→ YOUR TASK: The data below is to be written out exactly, with no pictures.

→ EXERCISE MATERIAL:
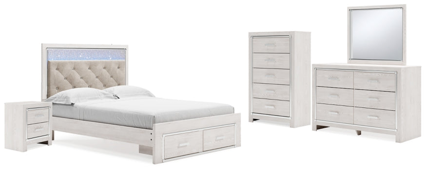 The epitome of fashion-forward design, this bedroom set is a beautiful blend of comfort and luxury. Shiny chrome-tone accents on the case pieces, a pearlized finish and mosiac pulls bring a glam touch to the richly rustic appearance.
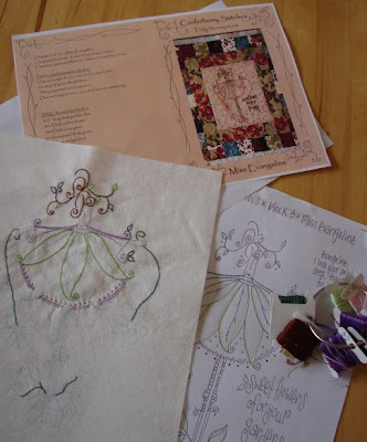 This is what I am working on at the moment, a lot of embroidery and Nathan's quilt. I have 9 rows now, only 3 to go. After I took the photo I have sewn the fabric to block 8 of the Love is BOM
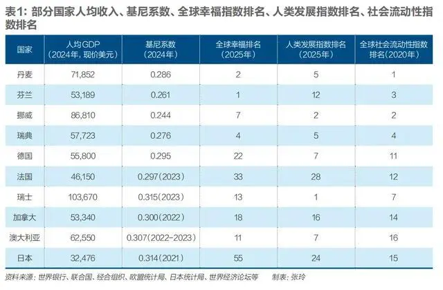 笔者在2021年9月6日《财经》杂志上发表的《全球视野下的共同富裕:聚焦高品质包容性创富》一文中,提出实现共同富裕需要跨越三道坎:第一坎是跨越中等收入陷阱,迈入高收入经济体行列(根据世界银行2025年数据,全球共有87个高收入经济体);第二道坎是从高收入经济体进一步跻身发达经济体(根据IMF 2025年数据,全球共有41个发达经济体)。在41个发达经济体中只有少数几个国家实现了共同富裕,包括部分西欧国家(北欧四国、德国、法国、瑞士、卢森堡),以及澳大利亚、加拿大和日本等。其中,一些发达国家由于人口和地域规模比较小(如瑞士、卢森堡),并不具备追求富强的必要条件。
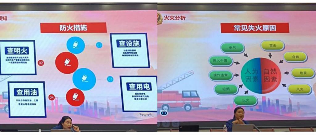 孙教员除了传授关于学校消防安全的知识以外,还向老师们强调平常生活中的安全小细节。比如做饭时锅着火了、如何预防燃气爆炸、灭火器的使用方法等问题都进行了详细的介绍。
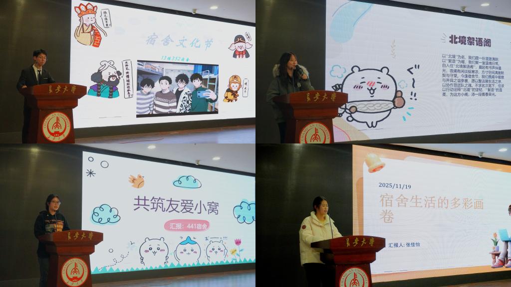 决赛为宿舍风采展示环节,各个参赛宿舍通过ppt、视频等形式展示宿舍独特文化,展现舍友间浓厚情谊,丰富多彩的才艺表演呈现出同学们蓬勃向上的朝气与活力。从宿舍卫生到生活氛围,从学风建设到宿舍团建,各具特色的展示不仅表现了同学们的个性与才华,也深刻体现了电控学子之间的包容体贴与团结和睦,呈现积极向上的精神风貌。
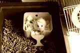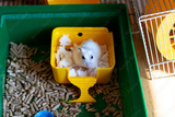 Cute white hamster sits comfortably in a yellow plastic house inside a green cage filled with wood pellets. A small pet rodent in its home environment, looking cozy and peaceful indoors.
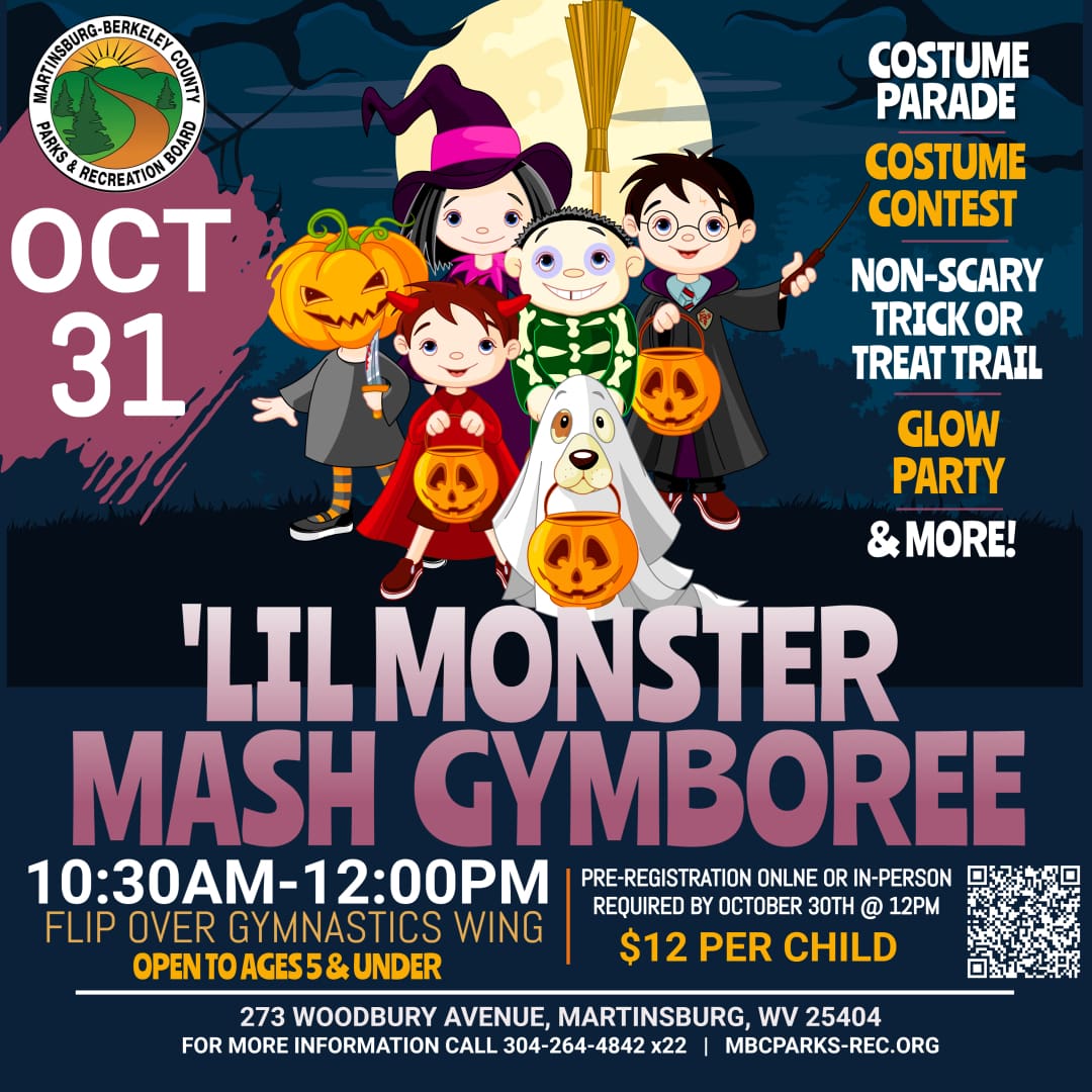 Join us in Flip Over Gymnastics for a costume parade, costume contest, non-scary trick or treat trail, glow party, and more!
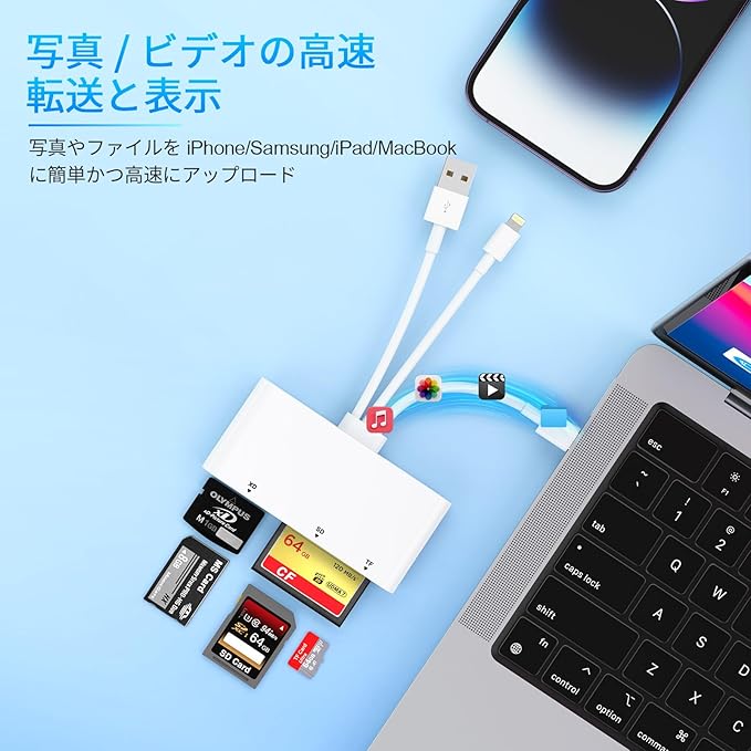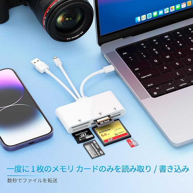 【高安定性データ転送】iphone sdカードリーダーは最大480Mbpsのメモリカードをサポートし、高解像度のHDムービー、画像、ビデオ録画をより高速かつ効率的にコンピューターに転送します。このユーザーフレンドリーで効率的なUSBカードリーダーで、さらに高速なデータ転送をお楽しみください。

→ SOLUTION FOR THIS EXERCISE:
 The epitome of fashion-forward design, this bedroom set is a beautiful blend of comfort and luxury. Shiny chrome-tone accents on the case pieces, a pearlized finish and mosiac pulls bring a glam touch to the richly rustic appearance.
 This is what I am working on at the moment, a lot of embroidery and Nathan's quilt. I have 9 rows now, only 3 to go. After I took the photo I have sewn the fabric to block 8 of the Love is BOM
 笔者在2021年9月6日《财经》杂志上发表的《全球视野下的共同富裕:聚焦高品质包容性创富》一文中,提出实现共同富裕需要跨越三道坎:第一坎是跨越中等收入陷阱,迈入高收入经济体行列(根据世界银行2025年数据,全球共有87个高收入经济体);第二道坎是从高收入经济体进一步跻身发达经济体(根据IMF 2025年数据,全球共有41个发达经济体)。在41个发达经济体中只有少数几个国家实现了共同富裕,包括部分西欧国家(北欧四国、德国、法国、瑞士、卢森堡),以及澳大利亚、加拿大和日本等。其中,一些发达国家由于人口和地域规模比较小(如瑞士、卢森堡),并不具备追求富强的必要条件。
 孙教员除了传授关于学校消防安全的知识以外,还向老师们强调平常生活中的安全小细节。比如做饭时锅着火了、如何预防燃气爆炸、灭火器的使用方法等问题都进行了详细的介绍。
 决赛为宿舍风采展示环节,各个参赛宿舍通过ppt、视频等形式展示宿舍独特文化,展现舍友间浓厚情谊,丰富多彩的才艺表演呈现出同学们蓬勃向上的朝气与活力。从宿舍卫生到生活氛围,从学风建设到宿舍团建,各具特色的展示不仅表现了同学们的个性与才华,也深刻体现了电控学子之间的包容体贴与团结和睦,呈现积极向上的精神风貌。
 Cute white hamster sits comfortably in a yellow plastic house inside a green cage filled with wood pellets. A small pet rodent in its home environment, looking cozy and peaceful indoors.
 Join us in Flip Over Gymnastics for a costume parade, costume contest, non-scary trick or treat trail, glow party, and more!
 【高安定性データ転送】iphone sdカードリーダーは最大480Mbpsのメモリカードをサポートし、高解像度のHDムービー、画像、ビデオ録画をより高速かつ効率的にコンピューターに転送します。このユーザーフレンドリーで効率的なUSBカードリーダーで、さらに高速なデータ転送をお楽しみください。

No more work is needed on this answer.